Ok, I think I get you now - you're trying to add some member variables to A (via the typedef) that are of types defined in B. And you're at liberty to change A as much as you like as long as it doesn't break B? Is that a reasonably synopsis?

Well, you can't hold the members directly in A, but you can use something like void*, boost::any, or a similar concoction, where the type of the member variable declared in A is independent of T, but resolved to the correct type when it is used in member functions of A.

Ok, I think I get you now - you're trying to add some member variables to A (via the typedef) that are of types defined in B. And you're at liberty to change A as much as you like as long as it doesn't break B? Is that a reasonably synopsis?

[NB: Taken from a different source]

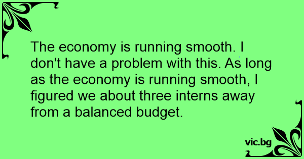 The economy is running smooth. I don't have a problem with this. As long as the economy is running smooth, I figured we about three interns away from a balanced budget.
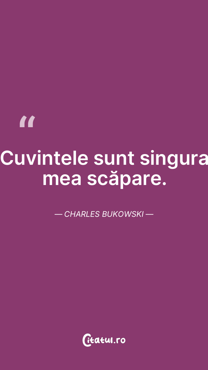 Cuvintele sunt singura mea scăpare. Charles Bukows...

Yes, pretty much this... actually, I can make minor changes to B, as long it doesn't break the whole thing.

For example, let's modify your original slightly:

template <class T>
class A
{
public:
typedef typename T::MyInt MyInt;
};

template <class T>
class B : public A<B<T> >
{
public:
};

In this case, A's definition of MyInt comes from B's definition, as you intended, but B's definition is inherited from A, which gets it from B<T>, which inherits it from A...

Graham, sorry but I think I didn't get how your sugestion would work (basically, because I don't get how MyInt will be instantiate in A). Haven't you forgotten of anything? Can you post an example of use?

Graham, sorry but I think I didn't get how your sugestion would work (basically, because I don't get how MyInt will be instantiate in A). Haven't you forgotten of anything? Can you post an example of use?
It won't work, that's the point. All I did was to change the access control on the typedef in A and remove the one from B. This is functionally equivalent to what you originally posted, except that the typedef the A is trying to access actually comes from A itself (via B), rather than being independently defined by B. The point being that using something from B could have come from A itself, and so we get the recursion that makes the general case of what you're trying to do problematic.

It's like mutally-composing class pairs: you have to break the recursion by introducing at least one pointer. In this case, you break the recursion by introducing a traits class.

Well, thanks everyone. I'll consider your comments.